▶ WHAT IS NEEDED:
The reply must contain exactly the lines below from the one with "Blusa Tricot Gola" down to the one with "V neděli poprvé", both included, and nothing more; please omit the pictures.

▶ DATA RECORDS:
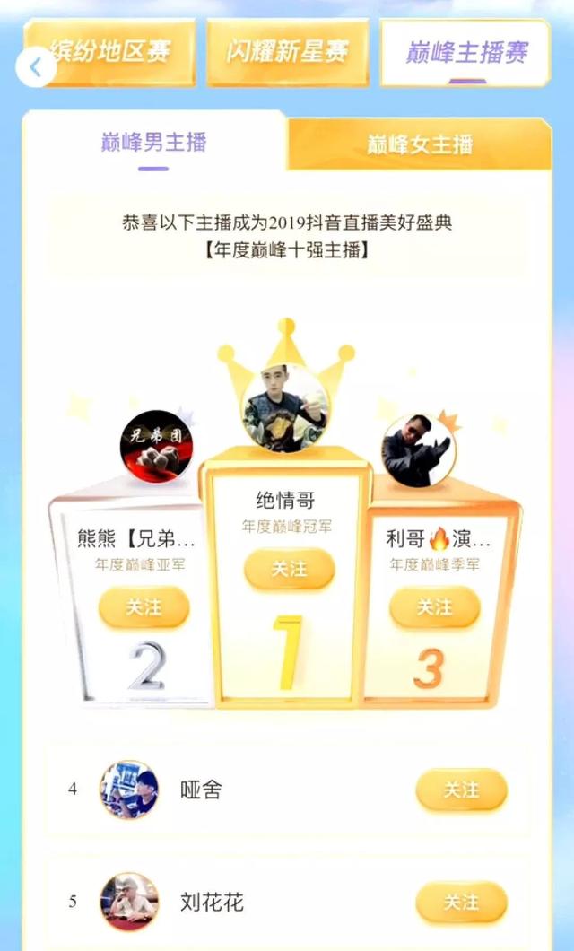 最后一期巅峰主播赛从12月5日开始分男女赛道,Tik Tok所有主播均可参加,最终评选出年度十佳男女主播。
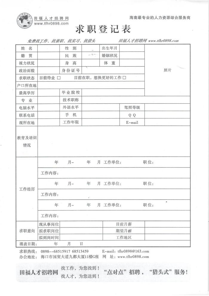 (1)下載填寫《求職登記表》并發送至田福人力公司郵箱;
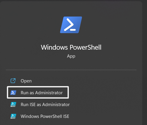 2.Successivamente, fare clic suEsegui come amministratoreopzione per avviare PowerShell con privilegi amministrativi.
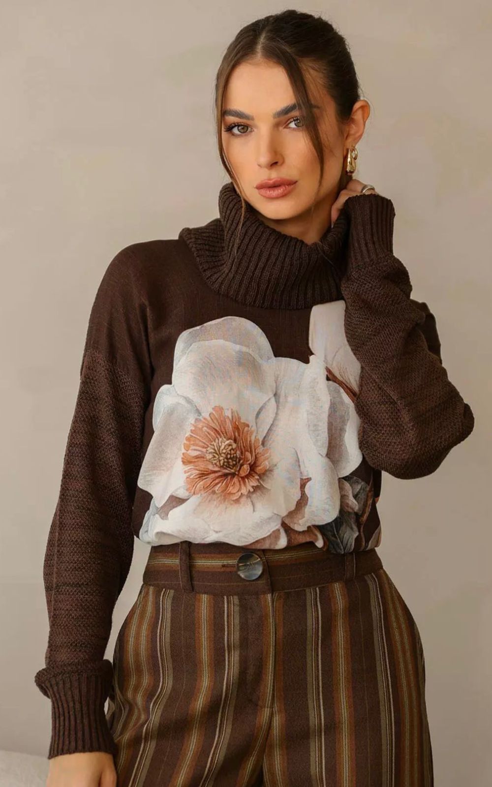 Blusa Tricot Gola Role E Manga Longa Com Estampa - Composição
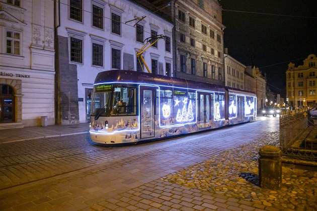 V neděli poprvé vyjela na svoji okružní jízdu po Plzni speciálně vyzdobená vánoční tramvaj. Kromě vnějšího polepu je vůz vyzdoben i uvnitř. (29. 11. 2020)
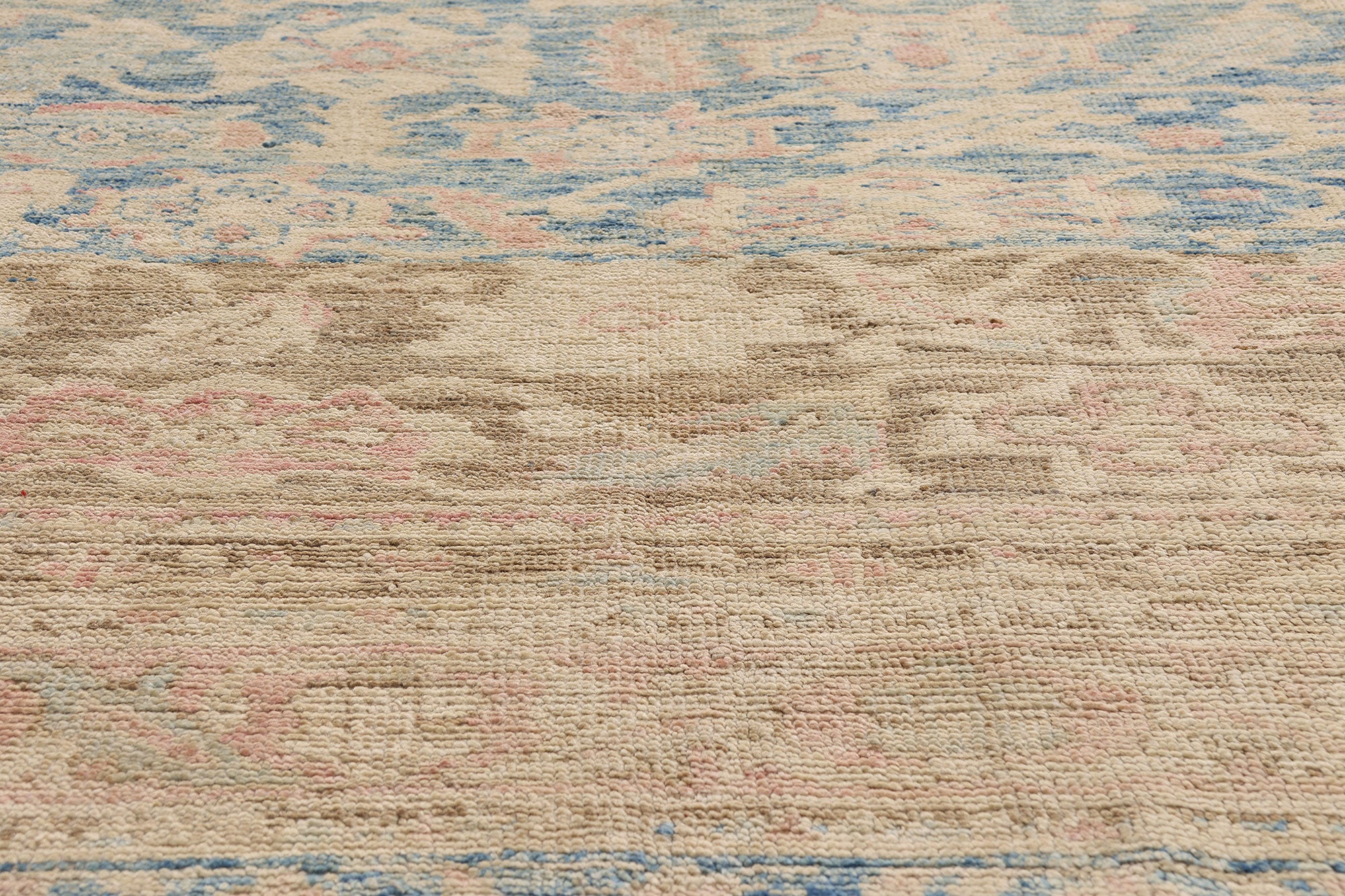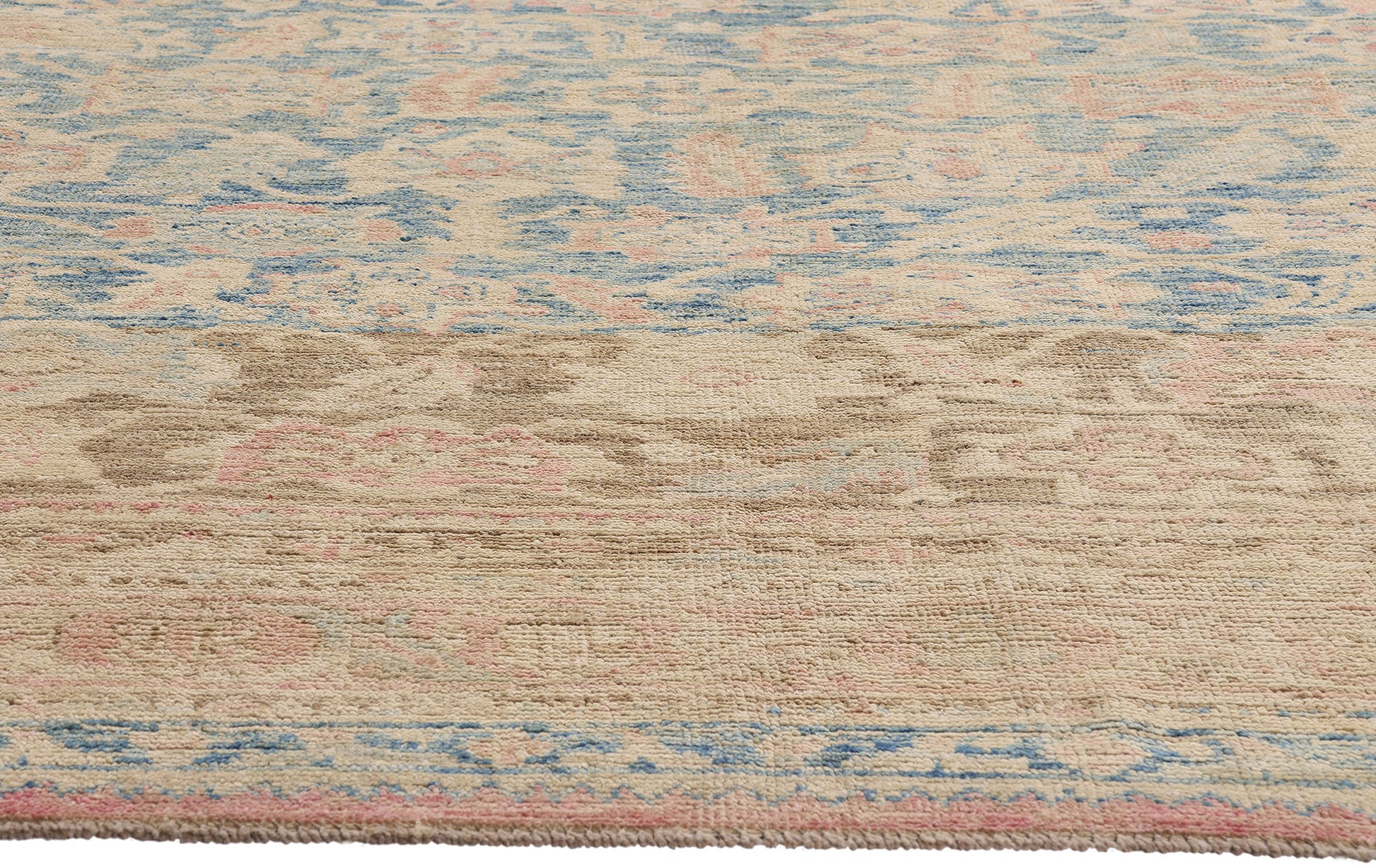 This hand knotted wool modern Oushak rug, woven in Pakistan, embodies the quiet confidence of heritage reinterpreted for today’s most discerning interiors. Inspired by the legendary Oushak carpets once commissioned for Ottoman palaces, this extraordinary masterpiece distills centuries of Anatolian design into a softer, more atmospheric expression. It is a rug meant not to announce itself loudly, but to reward those who recognize nuance, provenance, and restraint.

▶ RESULT FOR THIS EXERCISE:
 Blusa Tricot Gola Role E Manga Longa Com Estampa - Composição
 V neděli poprvé vyjela na svoji okružní jízdu po Plzni speciálně vyzdobená vánoční tramvaj. Kromě vnějšího polepu je vůz vyzdoben i uvnitř. (29. 11. 2020)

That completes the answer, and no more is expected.